Discussion in 'Electronic Basics' started by Paul, Apr 19, 2004.

  1. Paul

    Paul Guest

    I'd like to produce a beam of IR, to trip a remote alarm when the beam
    is broken.

    Lots of IR Emitter LED's (and frequency matching IR Phototransistors)
    are available, but I have no idea how '90mW/Sr' translates to real
    life. (In fact, I don't know what 'Sr' stands for!)

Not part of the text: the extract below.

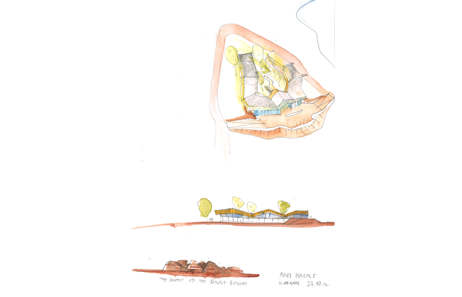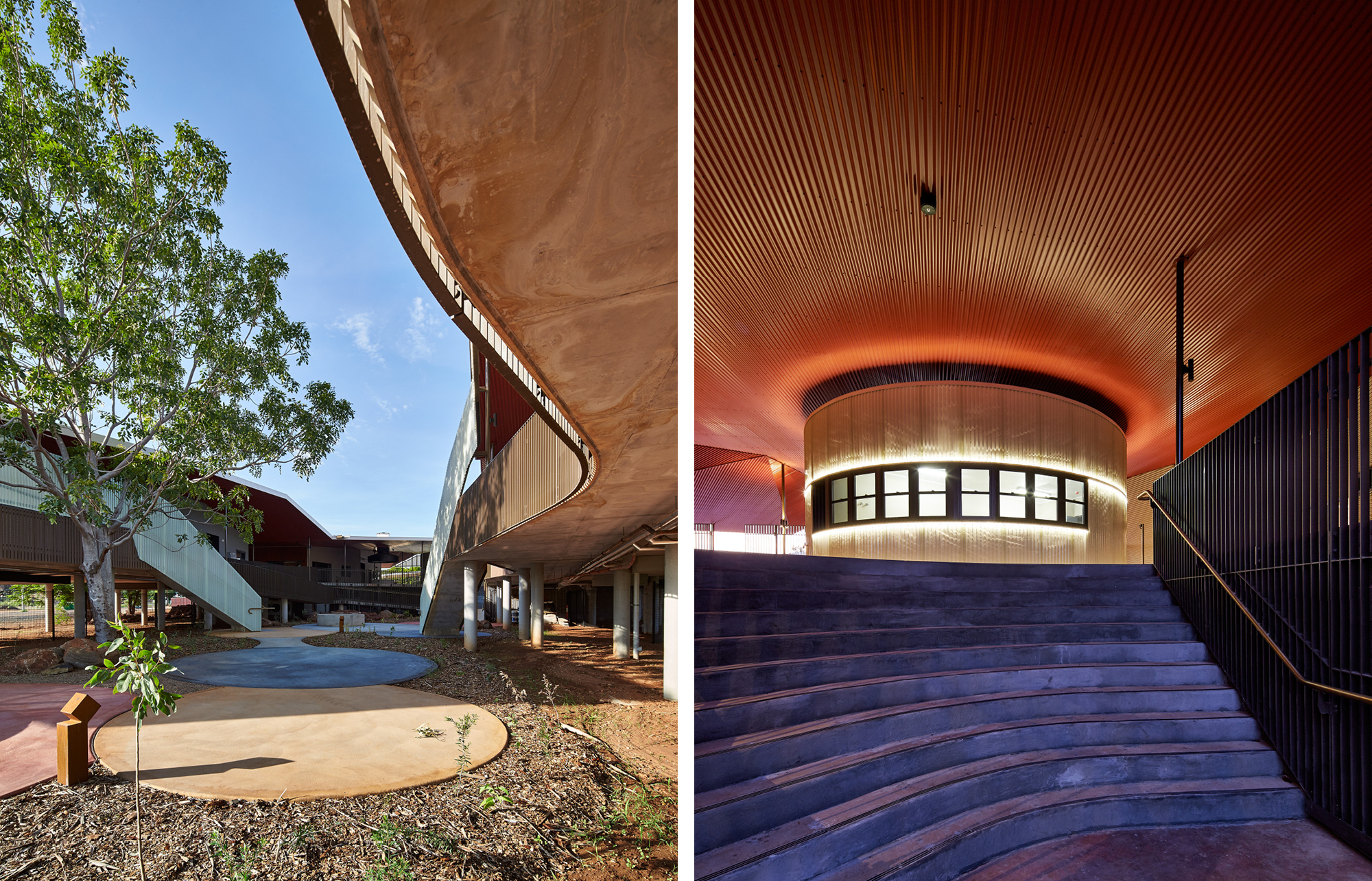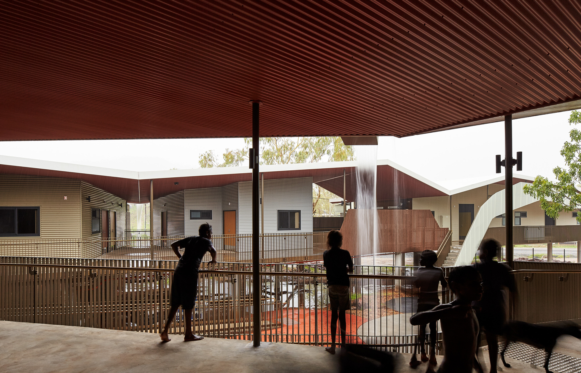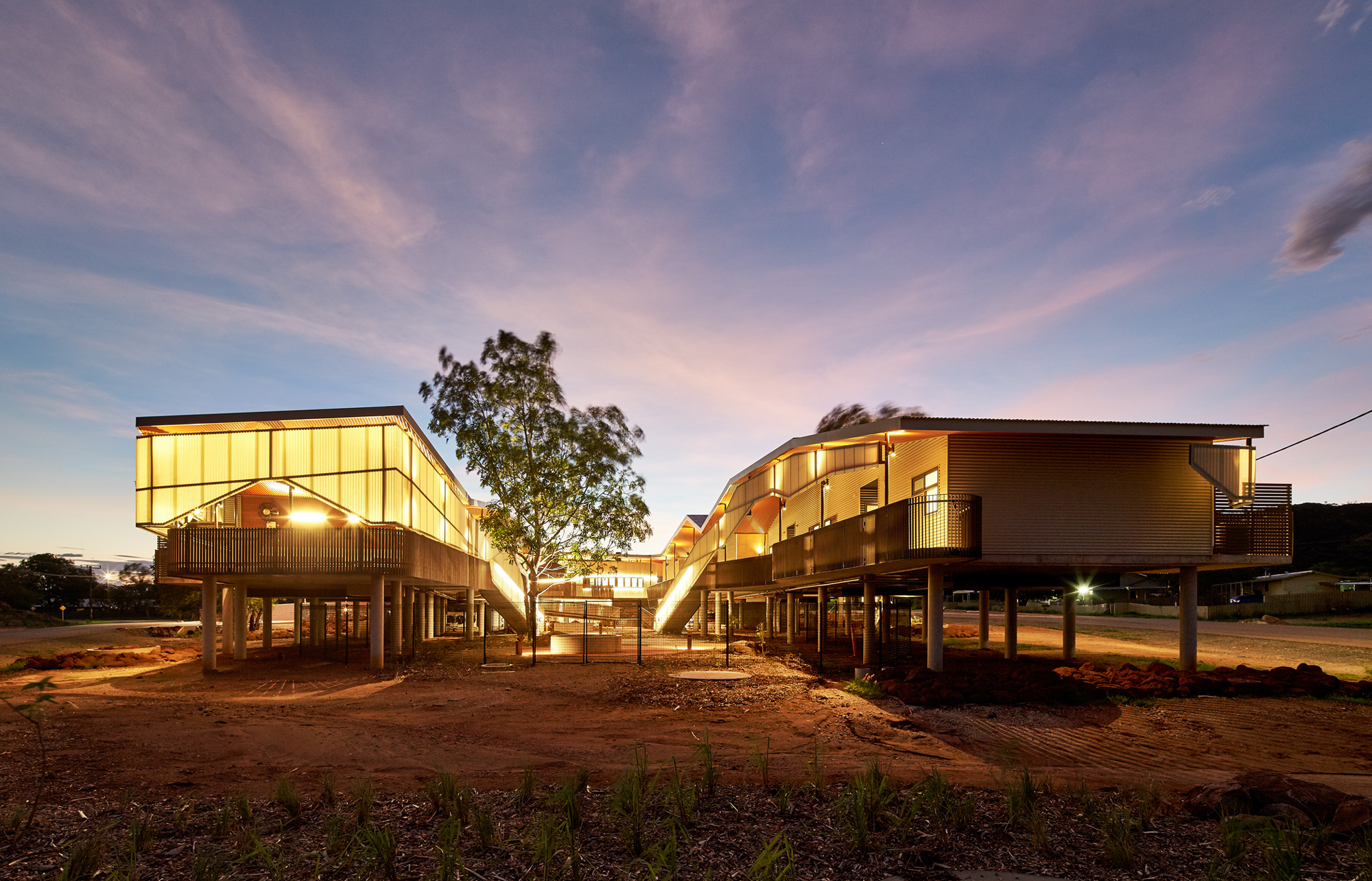 On the 13th of March 2011 the remote Aboriginal Community of Warrmarn was struck by devastating floods that overwhelmed much of the town and damaged or destroyed facility buildings, houses and the existing aged care hostel. Some 350 Gija People were forced off their homelands until the houses and infrastructure were re-built over the next two years. The Walumba Elders Centre was born out of this disaster. The building was sited adjacent to the community school – to act as a focal point for bringing the community back together and to aid in the transmission of the unique Aboriginal Lore, Gija Language and cultural knowledge to the younger members of the community. The facility provides self care accommodation to some residents and high-level care to others. To avoid potential future flooding activity the centre is built 2.4 metres above the natural ground level and is conceptually linked with the idea of a bridge. The concept relates to bridge not only as physical infrastructure but also as passage of knowledge between generations and as a place of care and respite before the possibility of passing from this existence to the next. The facility seeks to address and manage complex and critical factors inherent in Aboriginal culture such as gender separation, access to outdoor spaces both public and private, supporting Lore and Culture activities including ceremonies that may involve fire and smoke, avoidance relationships including son-in-law/ mother-in-law relationships, inter-family conflict issues and mortuary practices- called ‘sorry business’.
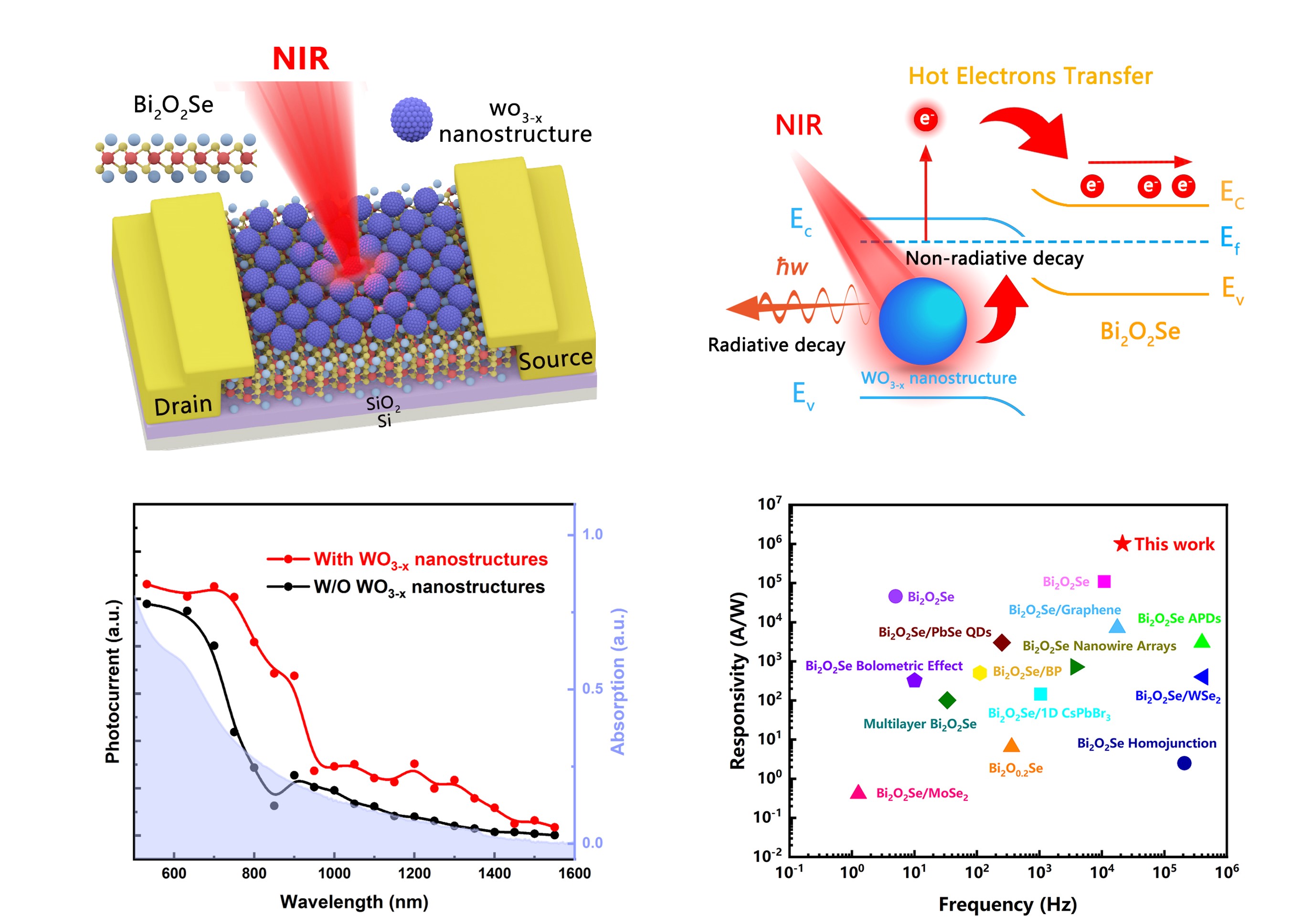 High-performance broadband WO3−x/Bi2O2Se photodetectors based on plasmon-induced hot-electron injection

    I would like to span about 3 meters outdoors - so rain, fog, etc must
    be catered for.

    Anyone any ideas about what I need, please?

    Thanks.

    Paul.
     
  2. Steradian is a measure of cone angular shape. A cone of 4*pi
    steradian is so wide that it folds back on itself and includes all
    directions. An angle of 1 radian is about 57 degrees. A steradian is
    sort of square radians, since it involves angle over one more
    dimension (the shape of a cone, instead of an angle) than an angle on
    a flat surface.
    http://www.physlink.com/Education/AskExperts/ae174.cfm
    Specifically, just as a radian is the angle you get if you form an
    angle from the center of a circle through the ends of a radius long
    section of the circumference of the circle. a steradian is the cone
    you get if you form it to pass from the center of the sphere through
    the circumference of a circle on the sphere that has an area of the
    radius squared.
    http://www.schorsch.com/kbase/glossary/solid_angle.html

    For long distances, you need a high energy in a small cone high watts
    per steradian). This doesn't mean that the total power out equals
    this number or that the light covers a steradian. But if the light
    did cover a cone this wide, and the intensity remained as bright as it
    is in the center of the actual beam, then the total power would equal
    the specified power.

    I like the TSAL6100 (940 nano meter wavelength, 10 degree beam) and
    TSFF5210 (870 nm wavelength and 10 degree beam) and similar devices
    from Vishay.
    http://www.vishay.com/docs/81009/81009.pdf
    http://www.vishay.com/docs/81090/81090.pdf
    http://www.vishay.com/ir-emitting-diodes/
     
  3. Paul

    Paul Guest

    Thanks for that John. Just a couple of questions:

    In order to cope with rain, fog etc, what kind of power would I need
    to span 3 metres?
    Am I better off with a shorter or longer wavelength for this
    application, please?

    Thanks again.

    Paul.
     
  4. I'm not sure which wavelength would be best. The shorter wavelength
    is closer to the peak response of most silicon detectors (at 940 nm,
    silicon is getting to be pretty transparent) and these are also happen
    to be slightly more powerful emitters. But from a signal to noise
    standpoint, you might get an advantage in using the longer wavelength
    ones if you use a silicon detector filtered to exclude all light that
    is much shorter wavelength than 900 nm, since the silicon has so
    little response left longer than about 1000 nm. In other words, the
    longer wavelength filtered silicon sees very little daylight between
    the filter cutting off the short wavelengths and the silicon cutting
    off the longer wavelengths. The longer wavelength should do a bit
    better in fog, also. But I doubt there is a 2:1 advantage to either.
    I would just run the LED at rated peak power, and possibly add a small
    plano convex lens (perhaps a plastic fresnel) to more nearly collimate
    the beam. If the whole thing operates in the dark, you may be able to
    get by with a DC excitation, but if there is any significant
    interfering light, you will need to modulate the emitter with some
    carrier frequency (40 kHz is common) and detect energy only in that
    band.

    Does you design allow a synchronous detection scheme (electrical
    signals shared by emitter and detector) or are you forced to a power
    detector following a bandpass filter, only? The nice thing about the
    latter is that they are available as an integrated optical long pass
    filter, detector, amplifier, bandpass filter, rectifier and comparator
    to produce a binary go/no go output from a modulated beam. (used for
    infrared data communication) But the synchronous detector has an
    advantage of higher ultimate signal to noise ratio capability if there
    is interference near the modulation frequency.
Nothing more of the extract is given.